- _ASSIGNMENT_
Output the lines of the entries below beginning at the one with "カットコーンは回転釜を使って" and ending with the last, exactly as written and without pictures.

- _PROVIDED INFORMATION_
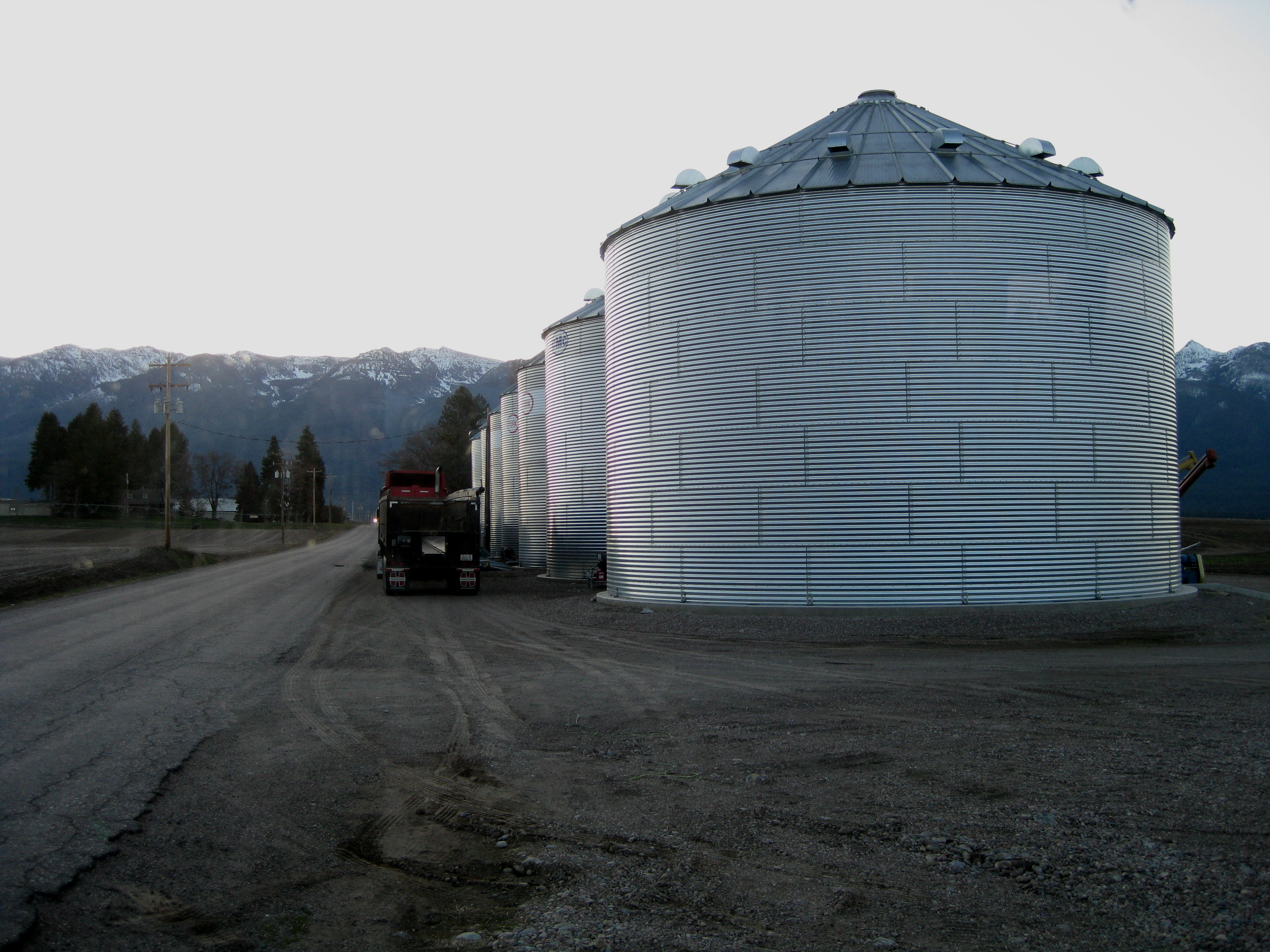 My first waiting spot is along a long straight road heading into the mountains, surrounded on both sides by farms – grain, potatoes, and I don’t know what else. If I was early I had been waiting by these grain bins, often parked with potato trucks ready to load or full and ready to head out.
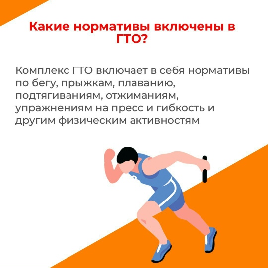 ГТО (Готов к труду и обороне) – это уникальная возможность оценить свою физическую подготовку и сделать осознанный выбор в пользу здорового образа жизни. Участие в программе осуществляется на добровольной основе и может послужить отличным стимулом для регулярных занятий спортом. Основные цели и задачи комплекса ГТО: • Популяризация и продвижение ценностей здорового образа жизни в обществе. • Повышение общего уровня физической подготовленности населения. • Формирование патриотического сознания и гражданской ответственности. • Выявление перспективных и талантливых спортсменов. Как стать участником ГТО: 1. Необходимо зарегистрироваться на официальном портале gto.ru и подтвердить свою учетную запись на портале «Госуслуги». Подробная информация по ссылке: clck.ru/3NjVWP 2. Оформите заявку на прохождение испытаний, соответствующих вашей возрастной категории. 3. Выполните установленные нормативы в одном из аккредитованных центров тестирования. Программа ГТО включает в себя разнообразные испытания, направленные на оценку ключевых физических качеств: силы, выносливости, гибкости и скорости. Результаты выполнения нормативов фиксируются в личном кабинете участника на сайте, что позволяет отслеживать динамику личного прогресса и получать заслуженные награды за успешное прохождение испытаний. Не упустите возможность присоединиться к масштабному спортивному движению! Подтвердите свою готовность к труду и обороне, став частью команды ГТО!
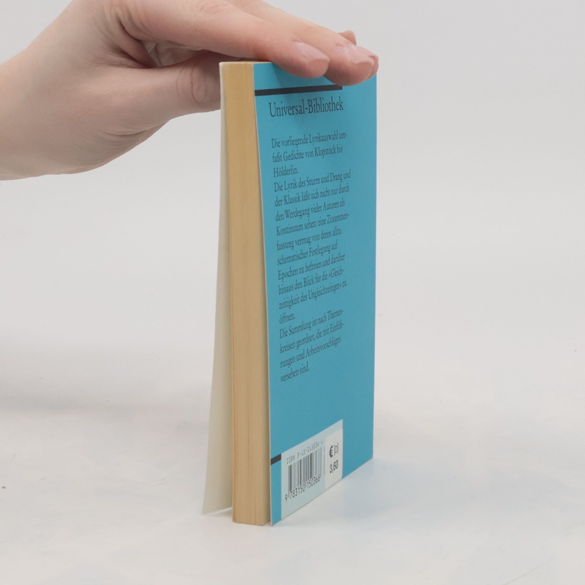 Die Gedichtauswahl umfasst Gedichte von Klopstock bis Hölderlin und ist nach Themenkreisen geordnet, die mit Einführungen und Arbeitsvorschlägen versehen sind.
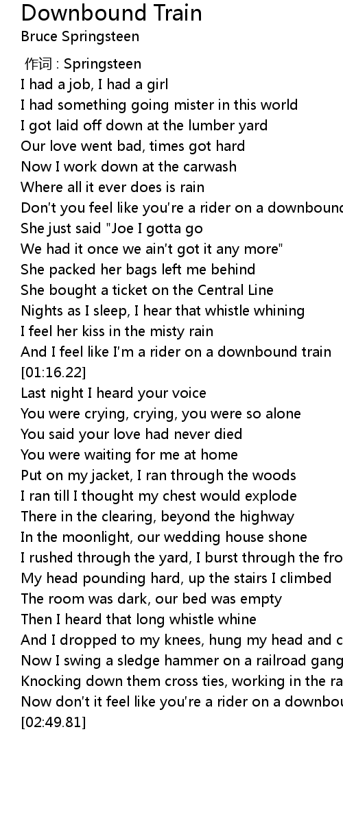 | [01:11.74] | And I feel like I m a rider on a downbound train |
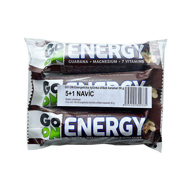 Energetická tyčinka Go on oříšek karamel 50 g 5+1 navíc v mléčné čokoládě. Obohacena o guaranu, hořčík a vitamíny. Tato výživná svačinka dodá energii při všech Vašich aktivitách. Díky kombinaci kousků arašídů a karamelu má tyčinka vynikající chuť.Výživové hodnoty:Výživové údaje v 100 g/v 50...
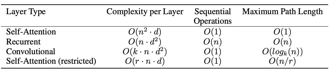 - RNN은 O(n) 시간을 소요하는데, 계산복잡도 면에서 self attention layer가 n < d이면 RNN보다 훨씬 빠르게 됨(대부분의 machine translation task는 n < d)
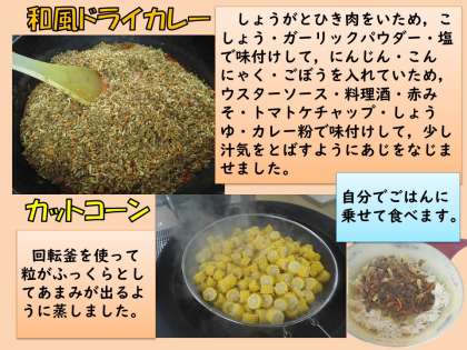 カットコーンは回転釜を使って蒸しています。じっくり蒸して火を切って少しおいておくことで,実がふっくらとしてあまみが出ます。こちらも子どもたちに大人気でした。
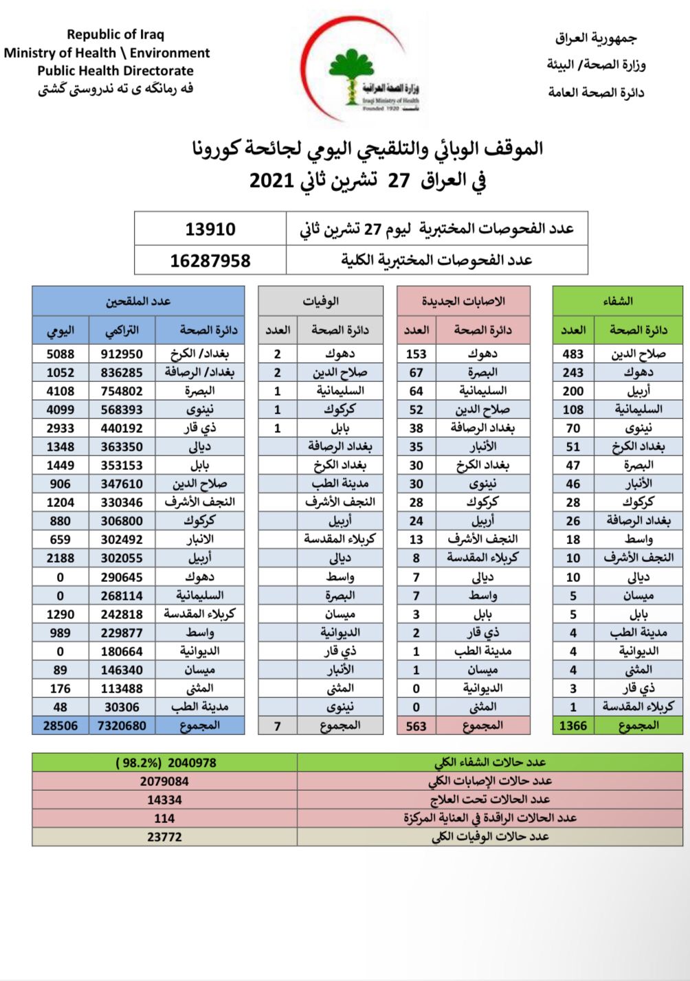 أعلنت وزارة الصحة، اليوم السبت، الموقف الوبائي لجائحة كورونا في عموم العراق.

- _COMPLETED TASK_
 カットコーンは回転釜を使って蒸しています。じっくり蒸して火を切って少しおいておくことで,実がふっくらとしてあまみが出ます。こちらも子どもたちに大人気でした。
 أعلنت وزارة الصحة، اليوم السبت، الموقف الوبائي لجائحة كورونا في عموم العراق.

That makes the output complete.